La société se trouvant au cœur d’un système économique internationalisé, elle n’est plus la chose des associés. Elle doit être reconnue comme une entité propre dotée d’un intérêt personnel distinct de celui de ses membres et dont la conduite, comme tout citoyen, doit aussi être guidée par le bien commun. Dès lors, le pouvoir de décision quant aux affaires sociales ne doit pas être confié aveuglément à une poignée de dirigeants car cela présente un risque trop important. La succession de crises économiques mondiales5 a conduit la doctrine puis le législateur à s’intéresser aux théories relatives à la corporate governance6.
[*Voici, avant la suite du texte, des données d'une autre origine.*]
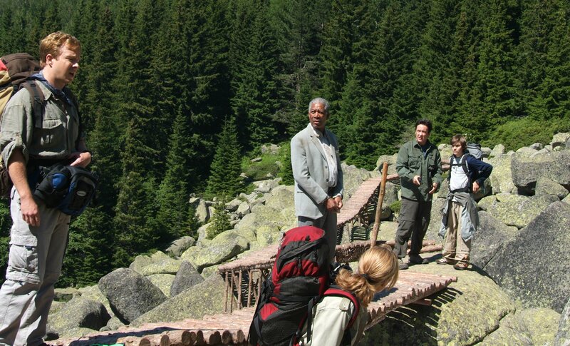 Mark (Own Taylor, l.) und Sandra (Megan Dodds) sind zufällig auf Frank Carden (Morgan Freeman, M.), Ray Keene (John Cusack, 2.v.r.) und Chris (Jamie Anderson, r.) gestossen.Bild: © Tele 5
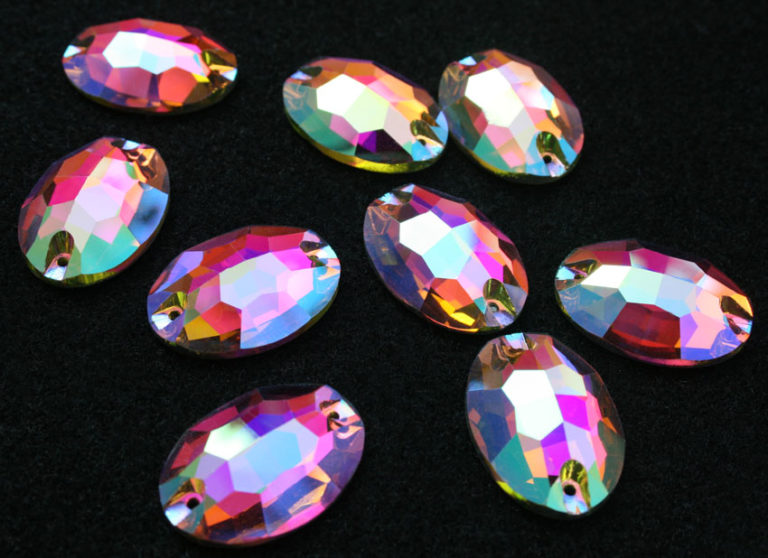 Ovális alakú varrható kristálykő rózsaszín színben, AB bevonattal, 11x16, 17x24 mm-es méretben. Prémium csiszolású kő. Anyaga: kristályüveg.
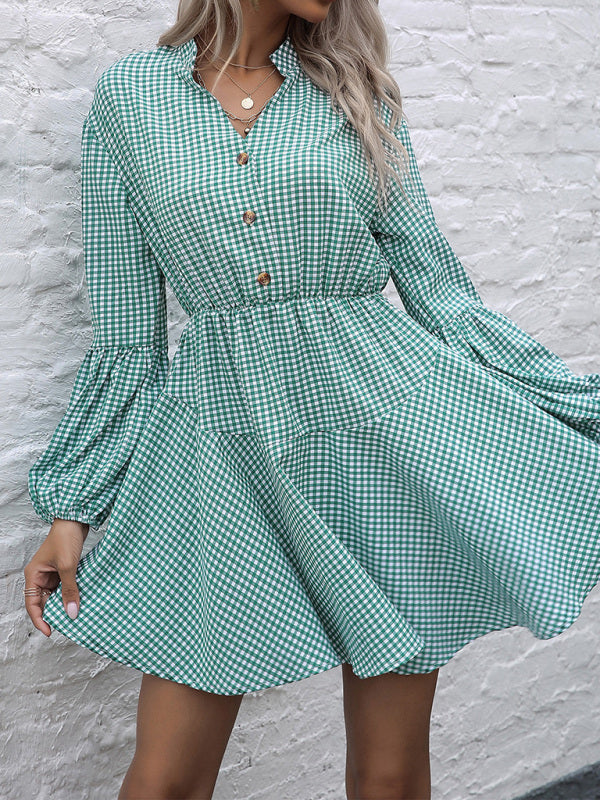 Women's fashion standing collar leopard print dress - Green / S está agotado y se enviará tan pronto como vuelva a estar disponible.
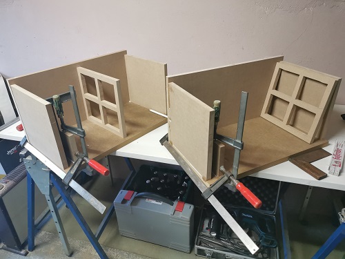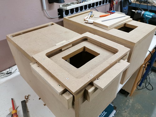 Damit ich die Hochtonhörner ordentlich versenken kann, habe ich eine Frässchablone angefertigt. Die hat auch Anschläge an 3 Seiten und passt so saugend auf beide Gehäuse.![]()
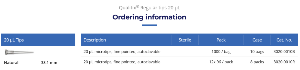 As ponteiras de pipeta de alta qualidade abrangem um intervalo de 0,1 µL a 20 µL. Encaixe perfeito nas pipetas Socorex® e ampla compatibilidade com outras marcas. Todos os modelos são autoclaváveis. Disponíveis em bolsas, racks, estéreis e não estéreis. Fácil acesso a tubos estreitos e profundos, limitando o contacto com a parede do tubo.
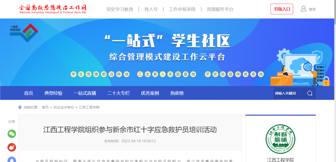 为普及救护知识,提高大学生在突发事件中的应急能力与自救互救能力,减少突发事件带来的意外伤害,4月9日上午8:00新余市红十字会在华亿平台学生社区开展应急救护员培训课程,教育学院组织了社区公寓管理员、辅导员和学生代表等参加了培训。
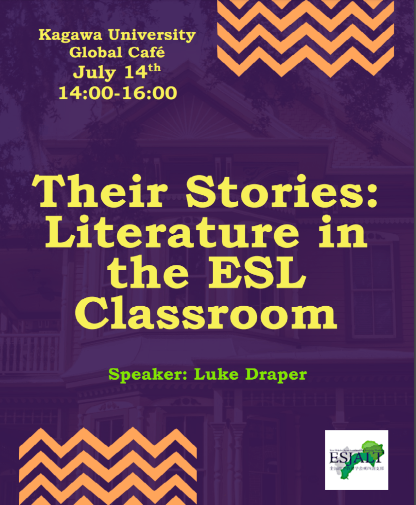 Bio: Luke Draper currently teaches EAP and literature-focused classes at Kwansei Gakuin University in Hyogo, Japan. He has an MA in Creative Writing from Chichester University, UK and is the Publicity Officer for the JALT Literature in Language Teaching (LiLT) SIG. His research interests also include writing workshops, pedagogical stylistics and he writes fiction.
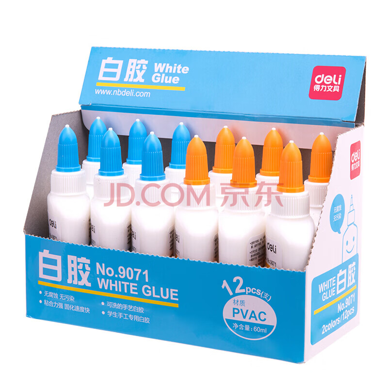 商品相册:得力(deli)(deli)60ml手工白胶 学生开学文具DIY白乳胶 环保无甲醛可水洗胶水 学习用品12支装 9071第
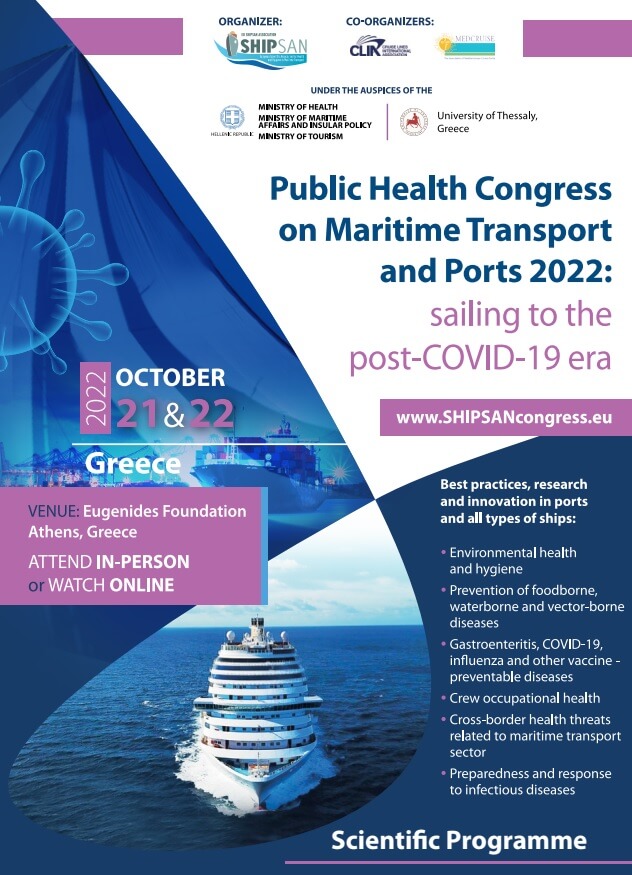 Η Ευρωπαϊκή Επιστημονική Ένωση για την Υγεία και την Υγιεινή στις Θαλάσσιες Μεταφορές «EU SHIPSAN» συνδιοργανώνει με τη Διεθνή Ένωση Εταιρειών Κρουαζιέρας (CLIA) και την Ένωση των Μεσογειακών Λιμένων Κρουαζιέρας (MedCruise), το πρώτο διεθνές συνέδριο δημόσιας υγείας στη ναυτιλία και στους λιμένες με τίτλο «Public Health Congress 2022 on Maritime Transport and Ports: sailing to the post-COVID-19 era», στις 21 – 22 Οκτωβρίου 2022 στο Ίδρυμα Ευγενίδου, στην Αθήνα.

Les décisions des dirigeants, et plus largement l’ensemble du fonctionnement social, doivent faire l’objet d’un contrôle. Le contrôle s’entend ici dans son sens premier : il s’agit de l’idée de vérifier, surveiller, voir s’informer. A côté des dirigeants sociaux, la loi a instauré des organes de contrôle de la société. Il s’agit du conseil d’administration, du conseil de surveillance, du commissaire aux comptes et surtout de l’assemblée générale. Ils ont pour mission principale de surveiller la gestion des dirigeants. Ce pouvoir, ou ce devoir, n’est pas un simple droit à l’information. Il est beaucoup plus efficace que cela car il est sanctionné : il confère au contrôleur des droits et des obligations en fonction de son résultat. Nous verrons que les organes de contrôle peuvent notamment révoquer le dirigeant indélicat ou au contraire augmenter la rémunération de celui faisant preuve de compétences exceptionnelles. La sanction de ce contrôle peut également être sanctionnée par le devoir d’en rendre compte dans un rapport, soit aux autres organes de contrôle, soit même à un tiers.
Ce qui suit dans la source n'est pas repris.